I’m working with dplyr
today and ran into something that annoys me often.
If I have a number of operations to do in repeatedly on a dataframe, its useful to put them in a function. However because of R’s lazy evaluation, using dplyr
operations in a function requires the use of quo
and !!
operations that honestly are a big pain to deal with.

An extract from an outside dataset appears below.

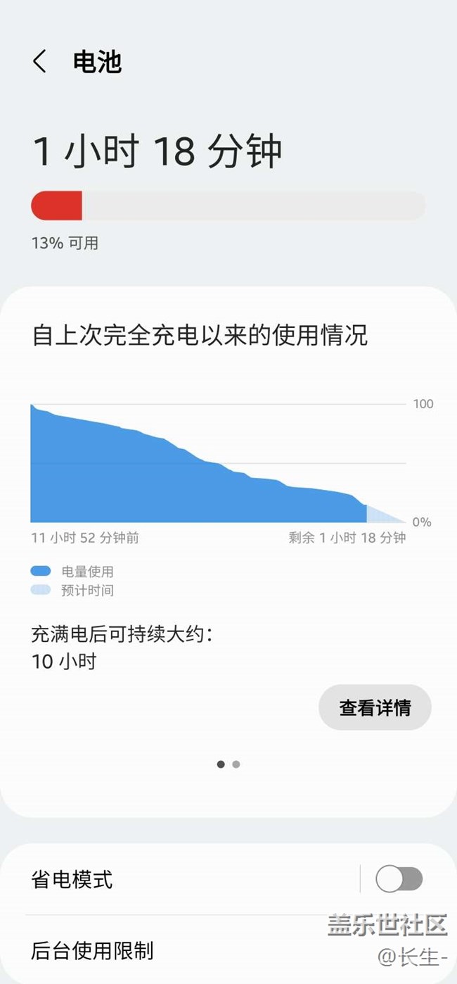 新?lián)Q的電池,從早上7點(diǎn)到晚上6點(diǎn)半,沒有充電,還有13%的電量,感覺還可以,開的2k加60hz,

R puts you in the scenario where you either have to use quo
and !!
all the time or revert to the less-than-desirable base df$
syntax if you want to put things in functions.
What I want is to be able to use functions, but also never have to leave the nice “lazy” way of doing things. So I tried out DataFramesMeta
to see if Julia is better than R at this.
function new100(df, x)
transform(df, x = 100)
end
df = DataFrame(rand(5,5))
new100(df, :y)
# makes a new column :x
│ Row │ x1 │ x2 │ x3 │ x4 │ x5 │ x │
├─────┼──────────┼──────────┼────────────┼───────────┼───────────┼─────┤
│ 1 │ 0.804735 │ 0.864846 │ 0.575764 │ 0.790783 │ 0.671446 │ 100 │
│ 2 │ 0.462695 │ 0.83796 │ 0.00718302 │ 0.566886 │ 0.36546 │ 100 │
│ 3 │ 0.905707 │ 0.387376 │ 0.550329 │ 0.0816239 │ 0.422751 │ 100 │
│ 4 │ 0.251054 │ 0.109737 │ 0.828423 │ 0.382226 │ 0.474074 │ 100 │
│ 5 │ 0.136172 │ 0.326156 │ 0.826901 │ 0.137245 │ 0.0502391 │ 100 │
I understand that the code for DataFramesMeta is already pretty difficult, with a lot of complicated parsing and macro code. Is what I want possible to do now with DataFramesMeta and Lazy? Is it a feasible feature to add?
Edit: I remembered that I posted the exact same thing earlier Replicating a useful Stata Workflow with DataFramesMeta
Keeping it for posterity and searchability.
The takeaway is that this would require a PR to work.